Building on this reflection, the exhibition opens onto Plunder VI, 2025-2026, part of a linoleum series initiated in 2024. The show’s titular work activates a microcosm formed through the accumulation of timeworn, patchworked materials, unpacking the existential weight of both being and coexisting. Bearing the imprints of the artist’s journey to Iran in 1996, where she encountered museums partially emptied in the aftermath of the revolution and display cabinets stripped to nothing but accrochage, Plunder VI, 2025-2026 coalesces from a deeper questioning of inflicted violence and self-preservation, forming a fragile mosaic in which each new scar is carefully sutured.
A related structural logic informs the new Cosmos series, which began as a sculptural extension of De Bruyckere’s exploration of layered floral forms and gradually evolved as she began sewing the linen back panels from deconstructed liturgical vestments, eventually developing into compositions of paper petals, golden thread, ribbons, and brass nails mounted on old book covers. The works kindle constellatory, zodiac-like patterns, their abraded surfaces and tactile density articulating an entropy of impermanence. Concurrently, they establish a decisive connection to the still-life tradition of 16th to 18th– century Dutch and Spanish painting, a long-term influence within De Bruyckere’s practice manifested in series such as the Lost horse sculptures, lingering on the edge of preservation and decay.
The impulse to shelter a plundered life – un forcenement de la mémoire, in the words of Édouard Glissant – guides works such as City of Refuge (Detail), 2025-2026. Elaborated in the aftermath of De Bruyckere’s pivotal City of Refuge installation for the Sacristy of the Basilica di San Giorgio Maggiore at the 60th Venice Biennale in 2024, the monumental vitrine exemplifies a recurrent methodology through which the artist withdraws and isolates elements from larger installations. Purposefully designed to house a wax cast of a tree trunk split in half by lightning during a summer storm – the same type used at San Giorgio Maggiore – the vitrine’s verticality accentuates the unmistakably phallic presence of the body it contains, its stratified layers portraying ecological fragility. At the rear, stained mirrors disrupt visual legibility by reflecting both figure and surroundings, while heavy red-and-gold pillows echo reliquary interiors, where life persists beyond destruction.
The mediation of vulnerability continues in Need VIII, 2025–2026, with flesh-toned wax-cast branches, draped against one another within an enclosed cabinet, acting as surrogates for human limbs and bones. Conceived for the long corridors of the Monastery of San Giorgio Maggiore, the Need works derive from the magnificent 16th-century wood carvings of the Major Choir created by Flemish carver Albert van den Brulle, which portray episodes from the life of St. Benedict of Nursia. Among these, a panel depicting the saint casting himself into thick briers and thorn bushes to overcome his carnal temptations proved particularly inspiring for De Bruyckere. As in City of Refuge (Detail), the antique-glass panel gives rise to a swarming, irregular surface that obstructs optical clarity, inducing a condition at once multiplied and dispersed through which the traces of laceration emerge as a shared register of corporeal fragility.

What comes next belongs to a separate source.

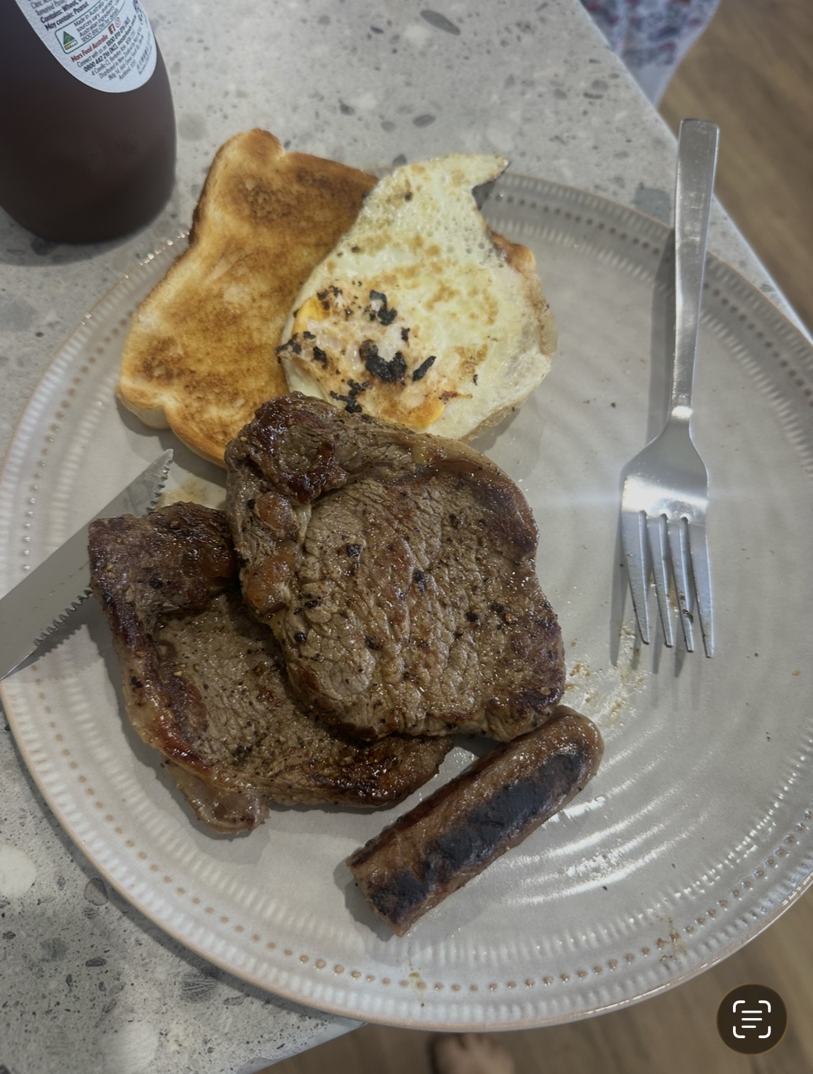 Meal #1 - 95g rib fillet steak, 1 egg, 1 sausage on hi fibre bread

The engagement with martyrdom culminates in San S., 2025-2026, marking De Bruyckere’s return to distinct human figuration – an important development in her recent practice – alongside an intensified focus on unveiling the sculptural process, evident in the unsealed cast edges and exposed iron supports. After a period away from anthropomorphic representation and following a recent tentative return in the Arcangeli series, San S., 2025-2026 introduces a recognizable male torso severed at the neck, consistent with the artist’s refusal of facial representation. Inspired by Saint Sebastian iconography, bound to a tree and pierced with arrows, the figure relinquishes the saint’s traditional stoicism in favor of a visceral utterance of death and solitude. Since De Bruyckere’s monumental sculpture Kreupelhout-Cripplewood, 2012-2013, created for the Belgium Pavilion at the 55th Venice Biennale in 2013, the tree has served as a metonym for the body; in San S., 2025-2026, the two fully converge, fusing organic and anatomical forms in a metamorphic entity that recalls Ovid’s tales.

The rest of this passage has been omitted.